Real-time Voice Streaming

Low-latency bidirectional PCM audio streaming over WebSockets for natural conversations

Server-side VAD

Voice activity detection handled server-side for reliable, configurable speech detection

Function Calling

Full tool/function calling support using OpenAI JSON schema format with async handlers

ElevenLabs TTS

Server-side TTS with regional endpoints and fine-grained voice settings

Low Latency Mode

Hosted voice TTS supports a low latency mode for fastest possible response at the cost of some output quality

Direct Speech

Speak text directly via TTS without routing through the LLM

Conversation Queries

Run one-shot side-channel inference without affecting the main conversation

Chat History Export

Export the full structured conversation history on demand

Dynamic Context Injection

Inject user or system messages mid-conversation via LLMMessagesAppendFrame

Automatic Reconnection

Exponential-backoff reconnection with a configurable retry limit

Transport Agnostic

Works with any Pipecat transport: Daily.co, Twilio, generic WebSocket, and more

Session Initialized Frame

DeepslateRealtimeLLMService emits a DeepslateSessionInitializedFrame exactly once, when the WebSocket session is fully initialized and ready to accept messages.
from pipecat.processors.frame_processor import FrameDirection, FrameProcessor
from deepslate.pipecat.frames import DeepslateSessionInitializedFrame, DeepslateDirectSpeechFrame

class WelcomeProcessor(FrameProcessor):
    async def process_frame(self, frame, direction):
        await self.push_frame(frame, direction)
        if isinstance(frame, DeepslateSessionInitializedFrame):
            await self.push_frame(
                DeepslateDirectSpeechFrame(text="Hello! How can I help you today?"),
                FrameDirection.DOWNSTREAM,
            )

pipeline = Pipeline([transport.input(), llm, WelcomeProcessor(), transport.output()])

Function Calling

Define tools in OpenAI JSON schema format, register async handlers on the service, and push the definitions into the pipeline before it starts:
import random
from pipecat.frames.frames import LLMSetToolsFrame
from pipecat.services.llm_service import FunctionCallParams

TOOLS = [
    {
        "type": "function",
        "function": {
            "name": "lookup_weather",
            "description": "Get the current weather for a given location.",
            "parameters": {
                "type": "object",
                "properties": {
                    "location": {"type": "string", "description": "The city to look up."}
                },
                "required": ["location"],
            },
        },
    },
]

async def lookup_weather(params: FunctionCallParams):
    result = {
        "location": params.arguments.get("location", "unknown"),
        "temperature_celsius": random.randint(10, 35),
    }
    await params.result_callback(result)

# Register the handler on the service
llm.register_function("lookup_weather", lookup_weather)

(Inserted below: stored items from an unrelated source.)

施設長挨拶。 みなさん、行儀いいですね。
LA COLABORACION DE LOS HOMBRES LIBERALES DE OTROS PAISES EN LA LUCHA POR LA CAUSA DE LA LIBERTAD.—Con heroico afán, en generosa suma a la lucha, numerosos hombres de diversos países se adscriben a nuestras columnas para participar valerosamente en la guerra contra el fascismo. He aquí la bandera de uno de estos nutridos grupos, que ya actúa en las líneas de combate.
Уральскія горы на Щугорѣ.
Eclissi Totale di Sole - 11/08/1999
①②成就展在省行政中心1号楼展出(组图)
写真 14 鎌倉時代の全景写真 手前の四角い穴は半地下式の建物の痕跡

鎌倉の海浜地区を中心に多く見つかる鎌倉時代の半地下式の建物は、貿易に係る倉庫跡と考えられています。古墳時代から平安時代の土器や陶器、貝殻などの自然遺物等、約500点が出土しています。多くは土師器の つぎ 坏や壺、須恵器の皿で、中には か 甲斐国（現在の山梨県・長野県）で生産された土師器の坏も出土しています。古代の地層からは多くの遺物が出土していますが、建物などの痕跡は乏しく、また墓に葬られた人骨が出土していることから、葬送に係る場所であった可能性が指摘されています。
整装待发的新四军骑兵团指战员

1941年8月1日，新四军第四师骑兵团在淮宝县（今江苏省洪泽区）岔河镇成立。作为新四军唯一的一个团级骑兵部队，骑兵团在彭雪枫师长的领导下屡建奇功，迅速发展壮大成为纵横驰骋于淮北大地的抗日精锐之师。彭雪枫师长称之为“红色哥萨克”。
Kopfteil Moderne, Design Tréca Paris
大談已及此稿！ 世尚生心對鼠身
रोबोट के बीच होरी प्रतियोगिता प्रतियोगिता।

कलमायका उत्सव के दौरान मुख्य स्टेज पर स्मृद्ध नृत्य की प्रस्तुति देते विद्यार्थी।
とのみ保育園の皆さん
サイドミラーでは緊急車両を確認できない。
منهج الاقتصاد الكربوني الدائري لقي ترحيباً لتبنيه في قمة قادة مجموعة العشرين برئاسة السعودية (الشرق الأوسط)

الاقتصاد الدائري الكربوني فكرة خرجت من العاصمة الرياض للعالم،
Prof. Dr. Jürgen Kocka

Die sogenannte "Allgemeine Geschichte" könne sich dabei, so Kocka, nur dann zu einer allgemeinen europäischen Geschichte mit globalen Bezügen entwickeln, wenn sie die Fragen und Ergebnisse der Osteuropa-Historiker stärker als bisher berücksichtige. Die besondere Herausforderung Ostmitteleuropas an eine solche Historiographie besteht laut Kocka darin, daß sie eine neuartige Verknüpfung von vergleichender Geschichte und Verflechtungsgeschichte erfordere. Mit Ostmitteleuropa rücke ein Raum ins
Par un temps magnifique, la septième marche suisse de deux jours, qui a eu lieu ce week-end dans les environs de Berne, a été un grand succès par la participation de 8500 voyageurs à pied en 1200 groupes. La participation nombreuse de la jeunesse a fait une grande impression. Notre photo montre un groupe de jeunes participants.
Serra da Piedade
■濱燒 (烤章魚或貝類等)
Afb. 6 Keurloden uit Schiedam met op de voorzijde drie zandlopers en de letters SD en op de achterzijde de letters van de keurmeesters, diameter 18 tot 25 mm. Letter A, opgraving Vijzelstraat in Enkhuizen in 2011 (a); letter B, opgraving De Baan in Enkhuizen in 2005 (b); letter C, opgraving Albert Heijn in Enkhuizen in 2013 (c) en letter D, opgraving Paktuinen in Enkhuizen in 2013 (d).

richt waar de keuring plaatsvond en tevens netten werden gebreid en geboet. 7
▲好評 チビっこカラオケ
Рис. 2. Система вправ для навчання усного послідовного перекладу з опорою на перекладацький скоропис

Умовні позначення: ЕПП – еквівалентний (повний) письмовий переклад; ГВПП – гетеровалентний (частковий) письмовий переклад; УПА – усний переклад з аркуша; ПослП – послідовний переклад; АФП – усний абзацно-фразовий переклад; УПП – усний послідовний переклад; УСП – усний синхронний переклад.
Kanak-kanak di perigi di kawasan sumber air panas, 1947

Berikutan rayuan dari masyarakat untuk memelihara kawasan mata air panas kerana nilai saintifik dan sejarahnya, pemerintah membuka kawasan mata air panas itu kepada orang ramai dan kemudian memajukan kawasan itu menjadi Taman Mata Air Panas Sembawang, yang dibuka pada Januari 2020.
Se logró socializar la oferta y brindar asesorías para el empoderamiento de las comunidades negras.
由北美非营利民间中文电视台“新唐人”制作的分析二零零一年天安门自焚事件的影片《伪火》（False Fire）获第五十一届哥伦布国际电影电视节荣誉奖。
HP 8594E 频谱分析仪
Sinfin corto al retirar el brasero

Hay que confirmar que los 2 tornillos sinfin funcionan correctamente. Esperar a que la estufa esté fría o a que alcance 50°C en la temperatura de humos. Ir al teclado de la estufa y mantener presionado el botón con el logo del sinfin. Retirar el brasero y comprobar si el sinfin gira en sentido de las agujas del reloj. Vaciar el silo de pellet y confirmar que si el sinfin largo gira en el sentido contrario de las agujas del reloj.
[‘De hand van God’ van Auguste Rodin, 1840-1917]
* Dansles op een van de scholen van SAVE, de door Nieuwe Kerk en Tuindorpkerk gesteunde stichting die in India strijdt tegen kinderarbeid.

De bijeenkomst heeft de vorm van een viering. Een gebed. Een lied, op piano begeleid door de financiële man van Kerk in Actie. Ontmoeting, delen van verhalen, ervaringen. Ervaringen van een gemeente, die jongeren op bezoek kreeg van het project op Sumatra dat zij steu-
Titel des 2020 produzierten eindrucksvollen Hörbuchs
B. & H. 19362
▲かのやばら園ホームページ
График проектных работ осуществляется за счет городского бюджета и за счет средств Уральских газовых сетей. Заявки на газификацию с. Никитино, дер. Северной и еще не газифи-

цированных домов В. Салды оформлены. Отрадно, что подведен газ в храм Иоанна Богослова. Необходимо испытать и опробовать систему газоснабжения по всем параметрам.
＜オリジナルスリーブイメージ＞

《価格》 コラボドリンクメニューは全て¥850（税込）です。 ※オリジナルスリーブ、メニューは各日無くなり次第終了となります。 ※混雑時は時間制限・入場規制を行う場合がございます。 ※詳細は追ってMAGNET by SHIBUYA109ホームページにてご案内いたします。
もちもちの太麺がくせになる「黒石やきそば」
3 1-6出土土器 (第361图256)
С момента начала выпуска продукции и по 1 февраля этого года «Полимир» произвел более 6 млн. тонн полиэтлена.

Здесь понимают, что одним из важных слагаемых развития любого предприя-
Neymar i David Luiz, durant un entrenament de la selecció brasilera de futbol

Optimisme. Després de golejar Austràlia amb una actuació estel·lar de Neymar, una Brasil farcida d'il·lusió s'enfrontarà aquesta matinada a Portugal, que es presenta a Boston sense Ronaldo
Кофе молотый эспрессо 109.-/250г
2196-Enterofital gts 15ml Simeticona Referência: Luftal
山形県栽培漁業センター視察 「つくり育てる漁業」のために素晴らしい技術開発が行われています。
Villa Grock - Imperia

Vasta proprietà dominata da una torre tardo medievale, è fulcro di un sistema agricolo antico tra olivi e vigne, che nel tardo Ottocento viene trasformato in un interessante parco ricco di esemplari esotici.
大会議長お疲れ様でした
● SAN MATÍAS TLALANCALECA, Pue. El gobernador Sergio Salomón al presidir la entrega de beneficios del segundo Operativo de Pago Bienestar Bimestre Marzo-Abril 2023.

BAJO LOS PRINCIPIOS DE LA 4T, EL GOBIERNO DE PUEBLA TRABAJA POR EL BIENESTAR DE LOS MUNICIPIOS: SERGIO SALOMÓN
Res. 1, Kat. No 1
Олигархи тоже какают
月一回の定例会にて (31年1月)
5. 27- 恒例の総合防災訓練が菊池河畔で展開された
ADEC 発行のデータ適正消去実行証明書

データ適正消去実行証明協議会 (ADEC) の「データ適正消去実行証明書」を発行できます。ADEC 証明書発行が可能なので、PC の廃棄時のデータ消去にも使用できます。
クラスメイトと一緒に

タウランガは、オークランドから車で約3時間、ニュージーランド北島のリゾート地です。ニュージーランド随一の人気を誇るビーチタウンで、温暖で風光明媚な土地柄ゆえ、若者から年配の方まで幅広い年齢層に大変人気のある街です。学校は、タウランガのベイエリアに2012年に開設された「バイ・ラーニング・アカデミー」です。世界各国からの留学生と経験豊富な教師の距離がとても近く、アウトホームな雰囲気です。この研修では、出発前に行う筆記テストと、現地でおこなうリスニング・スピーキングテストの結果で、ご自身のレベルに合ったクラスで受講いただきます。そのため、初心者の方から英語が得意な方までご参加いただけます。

# Queue tool definitions — synced to Deepslate after the pipeline starts
await task.queue_frame(LLMSetToolsFrame(tools=TOOLS))

Dynamic Context Injection

Inject messages into the live conversation context without restarting the session. This is useful for passing user profile data, injecting tool results from external systems, or priming the model with background context.
from pipecat.frames.frames import LLMMessagesAppendFrame
from pipecat.processors.llm.base import OpenAILLMContextFrame

# Inject a user message mid-conversation
await task.queue_frame(
    LLMMessagesAppendFrame(
        messages=[{"role": "user", "content": "My name is Alice and I prefer short answers."}]
    )
)
Use LLMMessagesUpdateFrame to resync the full context and optionally trigger an immediate model reply.

Direct Speech

Push a DeepslateDirectSpeechFrame to synthesize and play text directly — bypassing the LLM entirely. Useful for scripted prompts, confirmations, or fallback messages.
from deepslate.pipecat.frames import DeepslateDirectSpeechFrame

await task.queue_frame(
    DeepslateDirectSpeechFrame(
        text="Welcome back! How can I help you today?",
        include_in_history=True,  # Records as an assistant turn (default: True)
    )
)
Set include_in_history=False to speak without adding the text to the conversation context — ideal for system-level announcements.

Conversation Queries

A DeepslateConversationQueryFrame runs a one-shot inference call on a side channel. The result arrives as a DeepslateConversationQueryResultFrame and does not affect the main conversation history or trigger any audio output.
from deepslate.pipecat.frames import (
    DeepslateConversationQueryFrame,
    DeepslateConversationQueryResultFrame,
)

# Send the query
await task.queue_frame(
    DeepslateConversationQueryFrame(
        prompt="Summarize the conversation so far in one sentence.",
        instructions="Respond in plain text only, no formatting.",
    )
)

# Receive the result downstream in your pipeline
# DeepslateConversationQueryResultFrame.text contains the model's reply
This is useful for background analysis, logging summaries, or deciding on the next action without affecting the user-facing conversation.

Chat History Export

Push a DeepslateExportChatHistoryFrame to request the full conversation history. The result arrives as a DeepslateChatHistoryFrame downstream in the pipeline.
from deepslate.pipecat.frames import (
    DeepslateExportChatHistoryFrame,
    DeepslateChatHistoryFrame,
)

# Request the export
await task.queue_frame(
    DeepslateExportChatHistoryFrame(
        await_pending=False,  # Set True to wait for any in-flight operations first
    )
)

# Handle the result in a downstream processor
# DeepslateChatHistoryFrame.messages is a list[ChatMessageDict]
Each ChatMessageDict has role, delivery_status, ephemeral, and a content list of typed blocks (text, input_audio, tool_call, tool_result, and more).

Custom Frames Reference

In addition to standard Pipecat frames, deepslate-pipecat exposes the following frames for controlling and observing Deepslate-specific behaviour.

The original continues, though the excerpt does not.